● **SUPPLIED ENTRIES**:

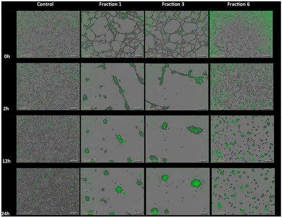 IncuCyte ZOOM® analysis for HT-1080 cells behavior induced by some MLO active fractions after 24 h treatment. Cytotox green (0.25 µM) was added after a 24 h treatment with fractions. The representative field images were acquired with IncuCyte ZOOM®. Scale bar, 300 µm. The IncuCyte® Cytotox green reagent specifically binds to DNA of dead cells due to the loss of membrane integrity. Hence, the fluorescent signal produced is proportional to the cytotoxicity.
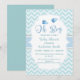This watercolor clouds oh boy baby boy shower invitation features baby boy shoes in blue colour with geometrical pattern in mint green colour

--

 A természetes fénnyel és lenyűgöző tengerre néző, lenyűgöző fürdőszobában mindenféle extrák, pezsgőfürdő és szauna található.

● **ABOUT THIS TASK**: Reproduce the lines above beginning at the line that contains "IncuCyte ZOOM® analysis" and ending at the line that contains "This watercolor clouds". No pictures.

● **YOUR RESPONSE**:
 IncuCyte ZOOM® analysis for HT-1080 cells behavior induced by some MLO active fractions after 24 h treatment. Cytotox green (0.25 µM) was added after a 24 h treatment with fractions. The representative field images were acquired with IncuCyte ZOOM®. Scale bar, 300 µm. The IncuCyte® Cytotox green reagent specifically binds to DNA of dead cells due to the loss of membrane integrity. Hence, the fluorescent signal produced is proportional to the cytotoxicity.
This watercolor clouds oh boy baby boy shower invitation features baby boy shoes in blue colour with geometrical pattern in mint green colour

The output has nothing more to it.